Here’s what he said:
With respect to upgrading cars that have Hardware 3, I don’t think that will be needed. Hardware 3 will not be as good as Hardware 4, but I’m confident that Hardware 3 will far exceed the safety of the average human. So what we’re aiming for is how do we get ultimately to, let’s say, for argument’s sake, if Hardware 3 can be, say, 200% or 300% safer than a human, Hardware 4 might be 500% or 600%. There will be a Hardware 5 beyond that. But what really matters is, are we improving the average safety on the road? But it is, the cost and difficulty of retrofitting Hardware 3 with Hardware 4, is quite significant. So it would not be, I think, economically feasible to do so.
A few takeaways from these statements:
- There’s now a different end goal for hardware that was supposed to be sufficient for Teslas to become robotaxis, and maybe even rendering the steering wheel obsolete. The objective is now merely for Teslas using automated-driving features with Hardware 3 to be an order of magnitude safer than the average human.
- Musk suggested Tesla will try again to stop offering free retrofits, and maybe even cease retrofits entirely, even as it’s now charging $15,000 for a product marketed as Full Self-Driving, or FSD, that’s been in beta for years and requires driver supervision at all times.
- The new iteration of hardware — debuting on Tesla’s repeatedly delayed Cybertruck — won’t be the last. There apparently will be a fifth generation at some point in the future.

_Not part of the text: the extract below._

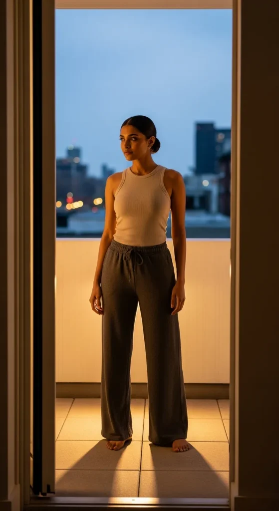 Ribbed tank tucked into soft wide-leg joggers creates a laid-back yet stylish silhouette. Perfect for cold summer evenings in the city when you want comfort, movement, and effortless street style energy.

Tesla may well be improving the capability of its driver-assistance systems, as Musk has repeatedly said, but the statistics it’s released purporting to demonstrate the relative safety of vehicles using Autopilot haven’t held up to close scrutiny. It’s also clear that the public will be far less forgiving of crashes involving or caused by robodrivers than those caused by humans, who get into tens of thousands of fatal crashes every year. Just ask Uber, which sold off its self-driving unit years after one of its test cars killed a pedestrian in Arizona in 2018.

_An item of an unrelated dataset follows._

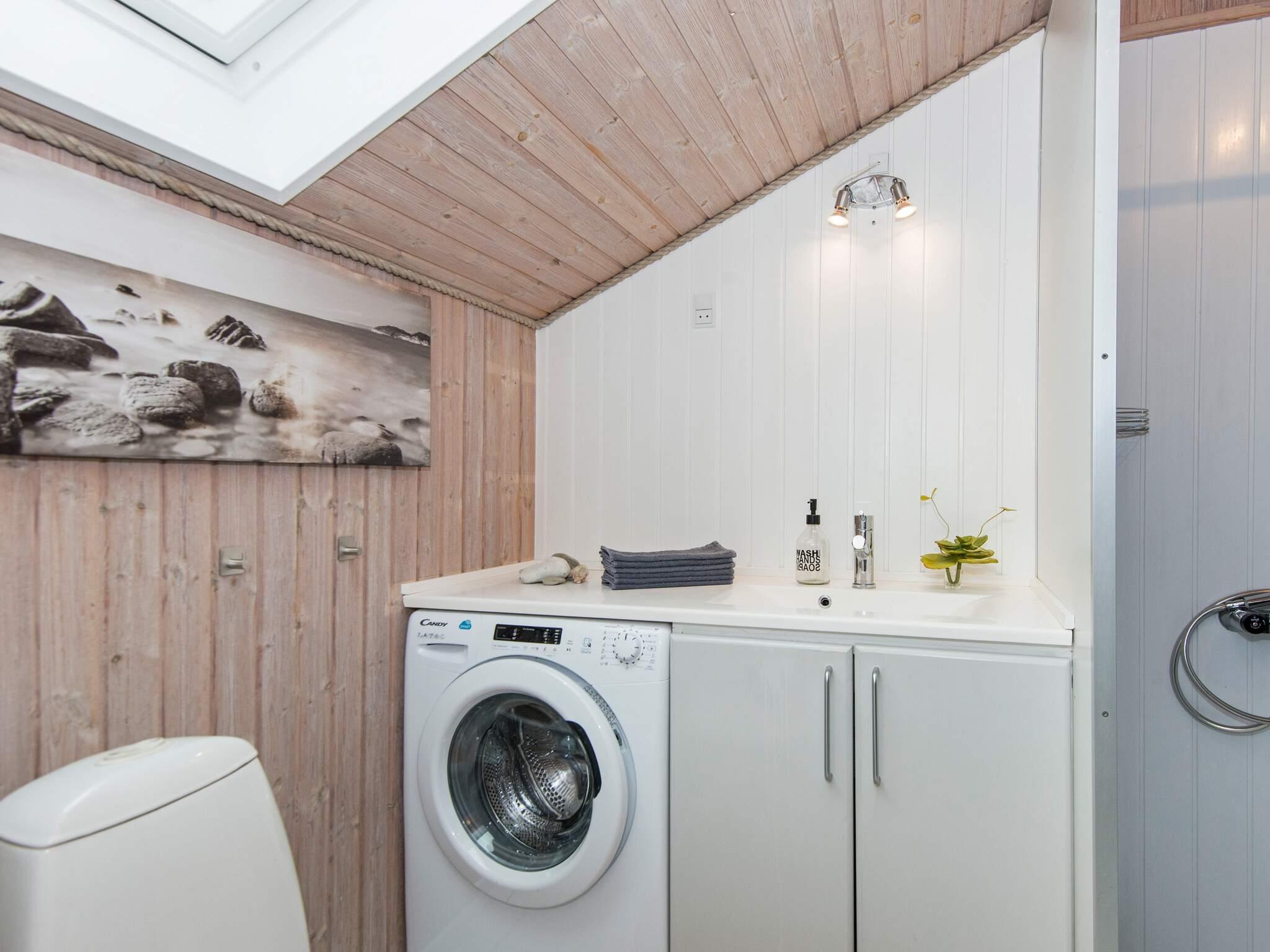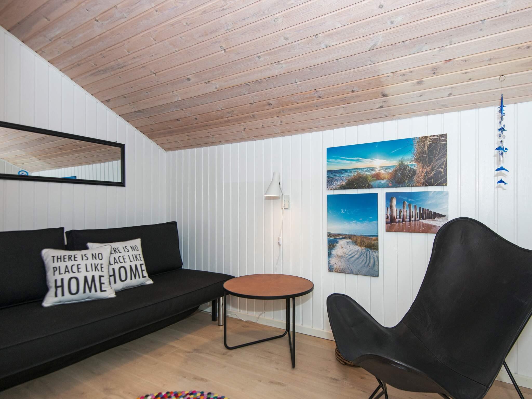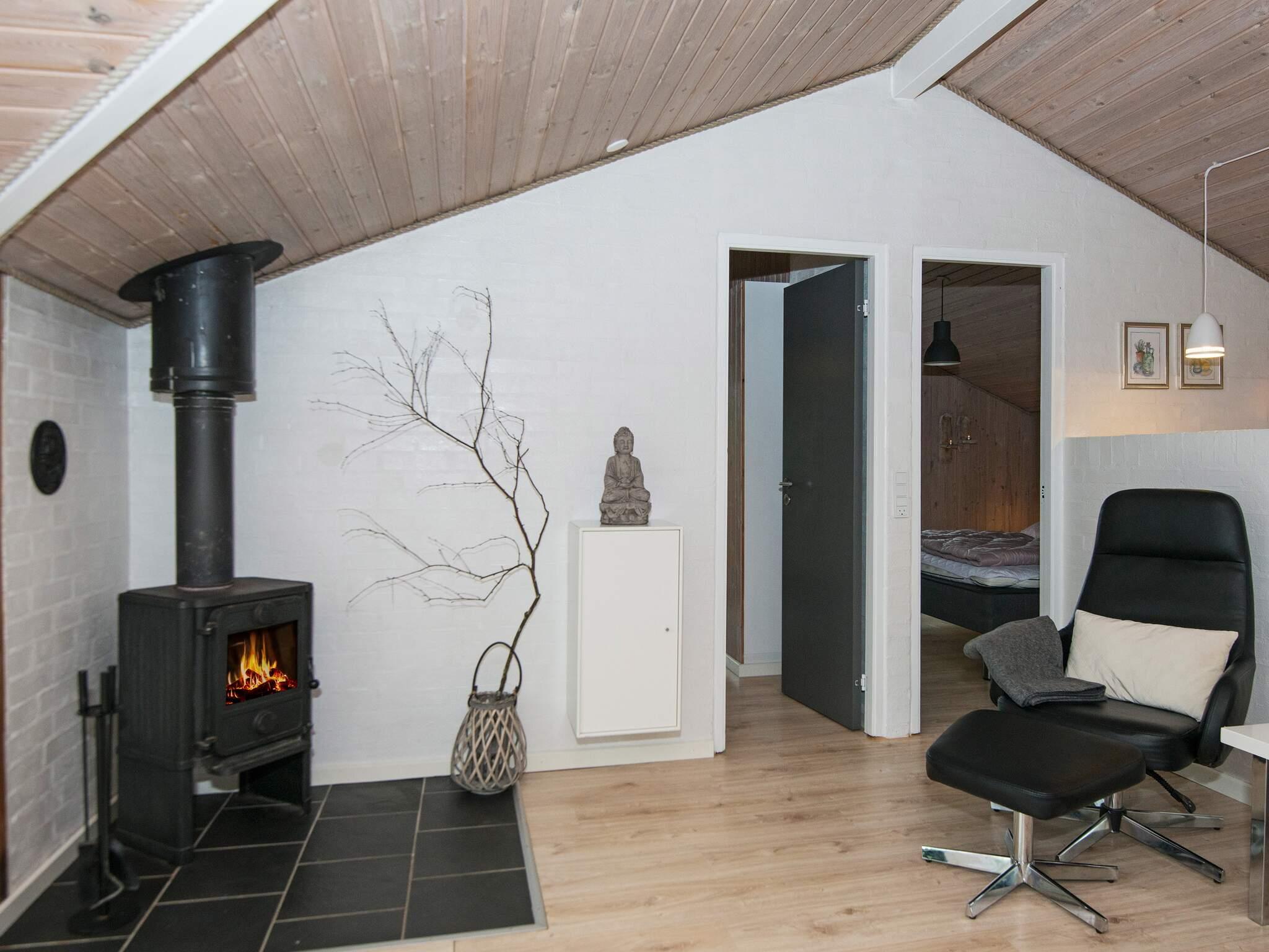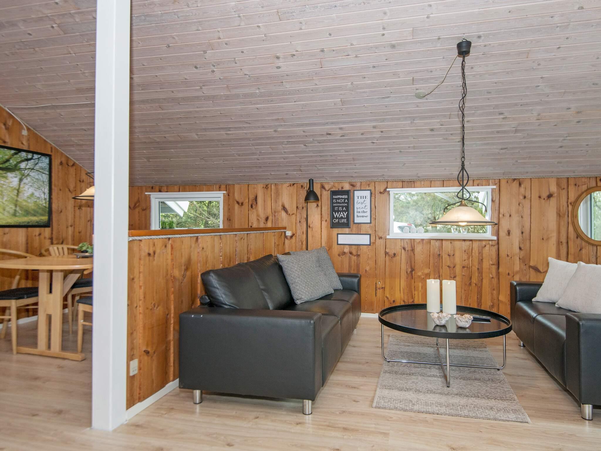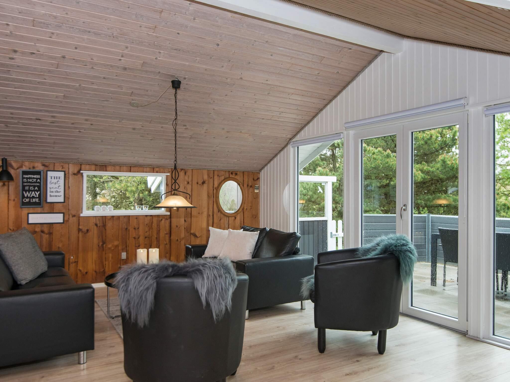 Im Haus gibt es Holzböden. Das Badezimmer is mit angenehmer Fußbodenheizung, Dusche und Sauna ausgestattet Die helle, schmale Küche ist offen mit dem Essbereich verbunden und u.a. mit Gefrierschrank, Geschirrspüler und Mikrowelle ausgestattet. Der helle Wohnbereich hat große Fensterflächen mit Sonne von vor- bis nachmittags und eine gemütliche Essecke. Holzofen sowie WLAN, TV und Stereoanlage mit CD-Player sind ebenfalls vorhanden.

While Musk moves the goalposts for Autopilot, Tesla is cashing in more revenue from FSD, even as it continues to tell customers using it to keep their hands on the wheel and eyes on the road. The company recognized $324 million of deferred FSD revenue in the fourth quarter, by far the most ever.
“FSD revenue was recognized purely for rolling out the FSD beta to a wider group of users, whereas in the past FSD revenue was typically recognized when new functionalities were developed,” Toni Sacconaghi, a Bernstein analyst with the equivalent of a sell rating on Tesla’s stock, wrote in a Jan. 26 report. “We worry about the discretionary nature in which Tesla can opt to release deferred revenues (a ‘cookie jar’) in order to improve financial results.”

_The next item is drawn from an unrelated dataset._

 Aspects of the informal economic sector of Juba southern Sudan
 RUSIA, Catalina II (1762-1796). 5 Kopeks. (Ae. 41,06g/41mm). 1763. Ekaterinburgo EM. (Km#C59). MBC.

Days after Bernstein published that note, Tesla lowered its forecast for how much deferred revenue it expects to recognize in the next 12 months. At $639 million, the company’s forward expectation is now the lowest it’s been in almost four years.
In the same regulatory filing containing that disclosure, Tesla confirmed the US Justice Department asked for documents related to its Autopilot and FSD features. Bloomberg reported in September that the Justice Department and the Securities and Exchange Commission were investigating the company’s self-driving claims. Last month, Bloomberg reported that Musk personally directed a video in 2016 that claimed a Tesla car drove itself, and that the SEC was specifically looking into his role in shaping the company’s autonomous-driving claims.
Musk himself conceded a year ago that developing self-driving technology had been much harder than he previously thought. These recent developments suggest Tesla still has a long way ago, giving prosecutors more time to carry out their criminal probe. The company may have previewed what its defense would be in November, when it sought to dismiss a California customer’s complaint that it has misled consumers.
“Mere failure to realize a long-term, aspirational goal is not fraud,” Tesla said.